## Dataset records
%%
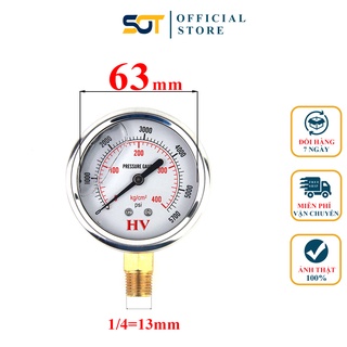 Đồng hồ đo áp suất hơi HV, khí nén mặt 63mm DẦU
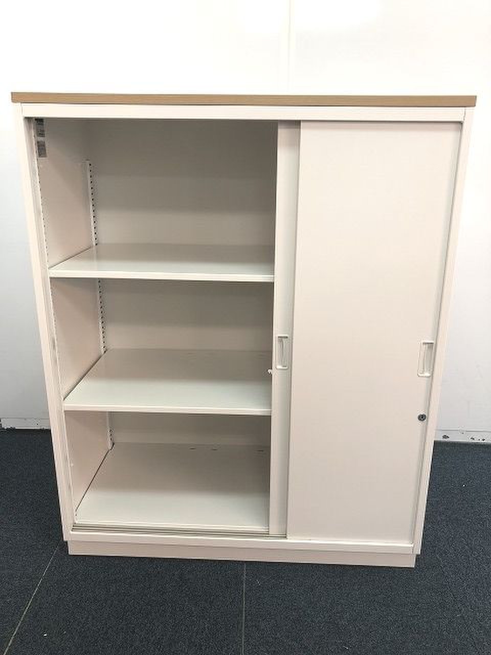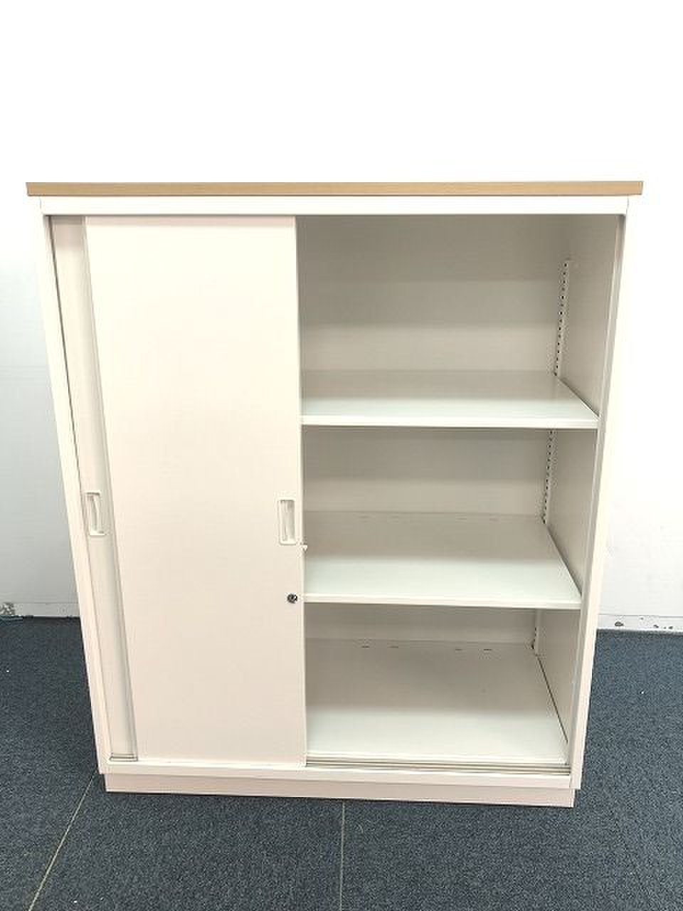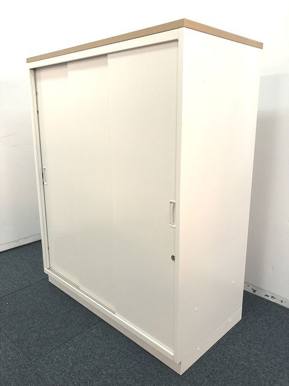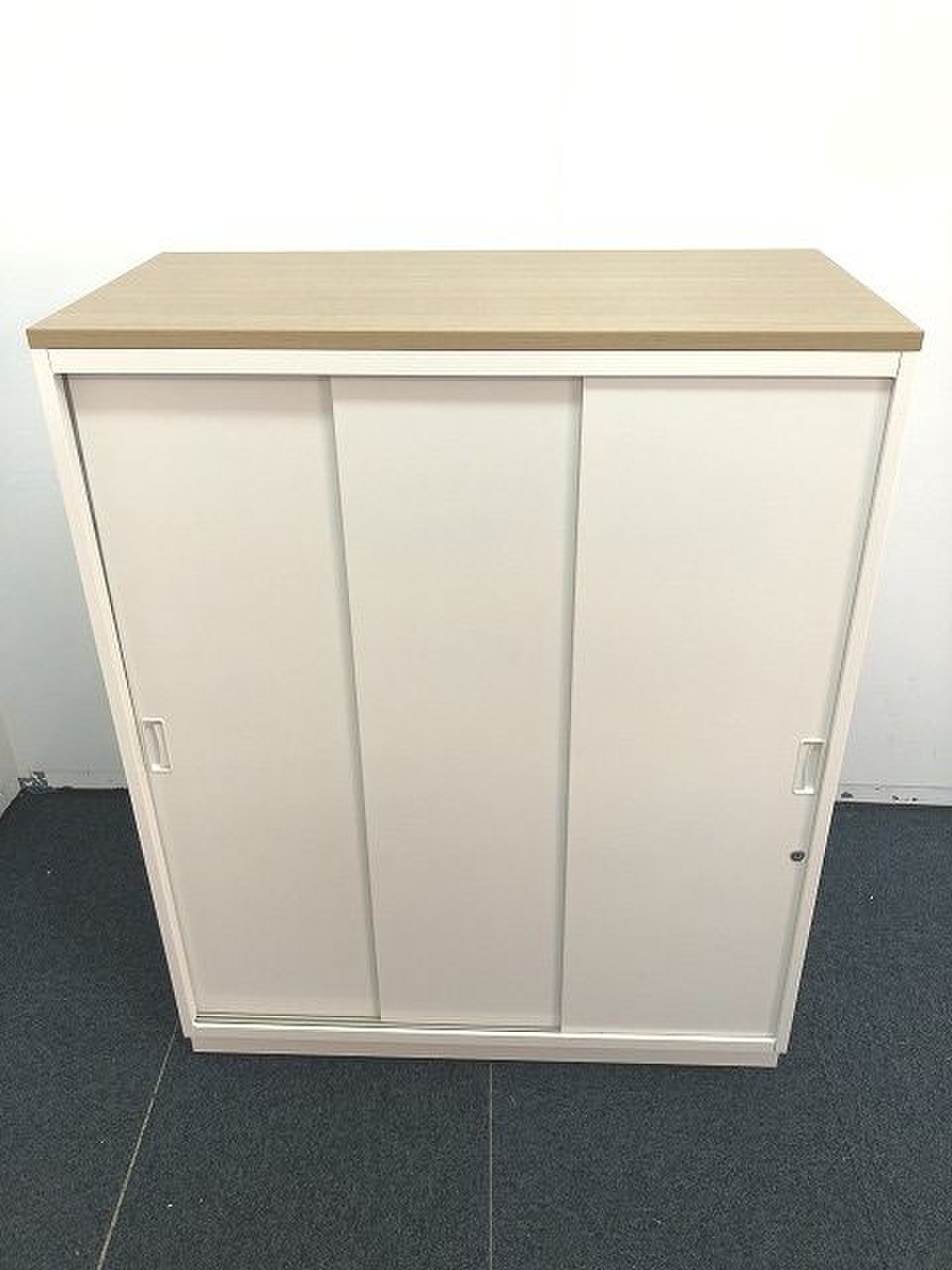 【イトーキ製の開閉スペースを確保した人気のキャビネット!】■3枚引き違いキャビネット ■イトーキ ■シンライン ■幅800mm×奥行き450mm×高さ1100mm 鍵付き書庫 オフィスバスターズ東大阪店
%%
%%
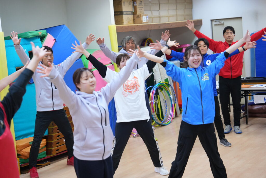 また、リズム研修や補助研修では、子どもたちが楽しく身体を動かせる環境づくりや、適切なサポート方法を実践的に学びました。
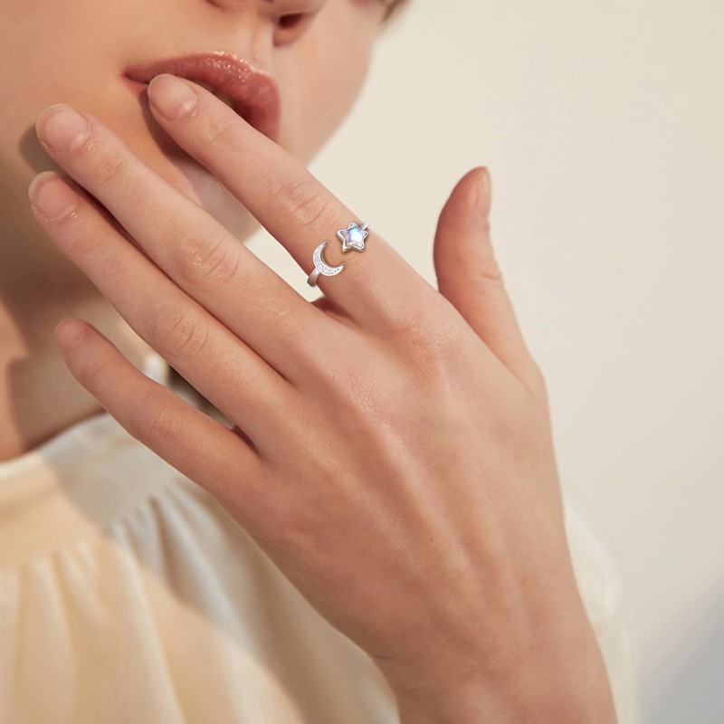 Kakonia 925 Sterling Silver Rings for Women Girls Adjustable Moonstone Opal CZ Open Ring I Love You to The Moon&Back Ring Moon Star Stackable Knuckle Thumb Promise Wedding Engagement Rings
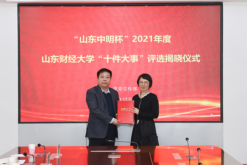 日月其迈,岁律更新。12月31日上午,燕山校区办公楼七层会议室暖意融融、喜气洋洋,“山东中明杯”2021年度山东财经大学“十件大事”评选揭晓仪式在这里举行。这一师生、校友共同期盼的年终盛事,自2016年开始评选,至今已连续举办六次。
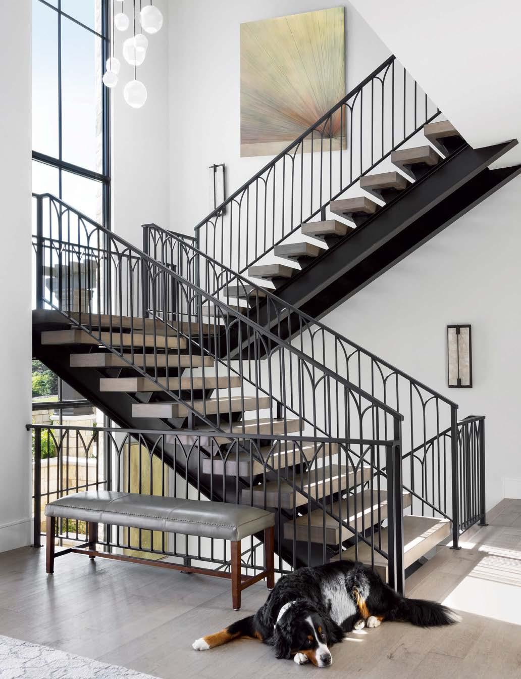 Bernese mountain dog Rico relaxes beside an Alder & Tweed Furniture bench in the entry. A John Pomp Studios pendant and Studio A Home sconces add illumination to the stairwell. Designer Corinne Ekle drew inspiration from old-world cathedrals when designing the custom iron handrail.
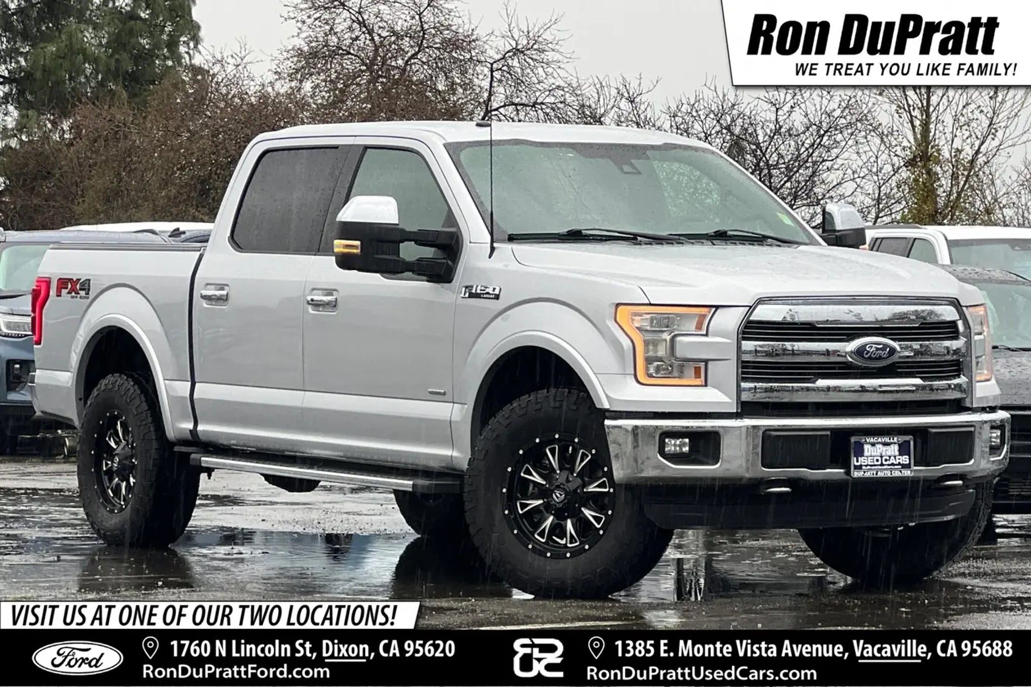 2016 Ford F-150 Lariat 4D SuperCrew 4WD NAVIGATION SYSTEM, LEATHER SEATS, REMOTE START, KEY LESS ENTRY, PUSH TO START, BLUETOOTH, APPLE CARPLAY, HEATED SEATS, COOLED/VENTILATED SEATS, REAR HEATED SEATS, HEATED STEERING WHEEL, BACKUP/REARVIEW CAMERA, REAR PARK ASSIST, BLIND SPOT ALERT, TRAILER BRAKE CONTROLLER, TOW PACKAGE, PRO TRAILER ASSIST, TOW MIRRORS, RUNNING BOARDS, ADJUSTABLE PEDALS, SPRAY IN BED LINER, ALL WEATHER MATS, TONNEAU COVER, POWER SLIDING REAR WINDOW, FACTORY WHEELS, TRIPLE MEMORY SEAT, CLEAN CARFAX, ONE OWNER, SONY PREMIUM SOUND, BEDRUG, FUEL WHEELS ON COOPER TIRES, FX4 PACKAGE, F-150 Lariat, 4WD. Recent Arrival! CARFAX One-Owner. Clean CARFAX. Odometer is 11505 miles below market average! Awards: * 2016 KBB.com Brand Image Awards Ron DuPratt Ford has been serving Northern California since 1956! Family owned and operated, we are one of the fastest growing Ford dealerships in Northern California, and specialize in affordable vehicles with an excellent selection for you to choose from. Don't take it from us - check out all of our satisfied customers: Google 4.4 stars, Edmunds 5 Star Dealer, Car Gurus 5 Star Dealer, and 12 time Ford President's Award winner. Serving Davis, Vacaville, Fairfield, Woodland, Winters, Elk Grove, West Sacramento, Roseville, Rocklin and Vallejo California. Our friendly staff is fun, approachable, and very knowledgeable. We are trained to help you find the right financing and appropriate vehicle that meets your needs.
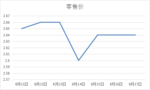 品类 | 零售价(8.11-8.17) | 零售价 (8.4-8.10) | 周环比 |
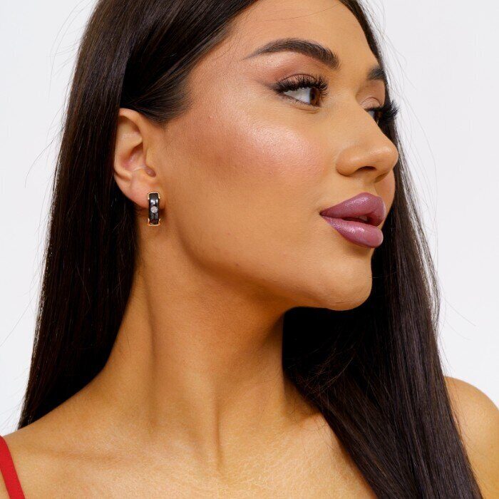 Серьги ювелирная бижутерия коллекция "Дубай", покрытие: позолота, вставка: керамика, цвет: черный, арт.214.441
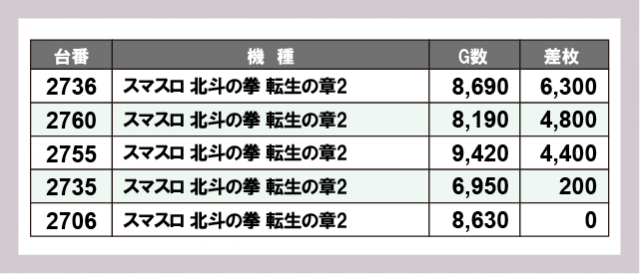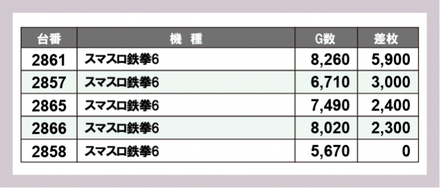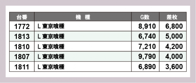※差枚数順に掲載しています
%%
## The problem
Using the listing above, repeat word for word each line from the one with "Kakonia 925 Sterling" down to the one with "Bernese mountain dog", both included. Omit all pictures.

## Answer to this exercise
 Kakonia 925 Sterling Silver Rings for Women Girls Adjustable Moonstone Opal CZ Open Ring I Love You to The Moon&Back Ring Moon Star Stackable Knuckle Thumb Promise Wedding Engagement Rings
 日月其迈,岁律更新。12月31日上午,燕山校区办公楼七层会议室暖意融融、喜气洋洋,“山东中明杯”2021年度山东财经大学“十件大事”评选揭晓仪式在这里举行。这一师生、校友共同期盼的年终盛事,自2016年开始评选,至今已连续举办六次。
 Bernese mountain dog Rico relaxes beside an Alder & Tweed Furniture bench in the entry. A John Pomp Studios pendant and Studio A Home sconces add illumination to the stairwell. Designer Corinne Ekle drew inspiration from old-world cathedrals when designing the custom iron handrail.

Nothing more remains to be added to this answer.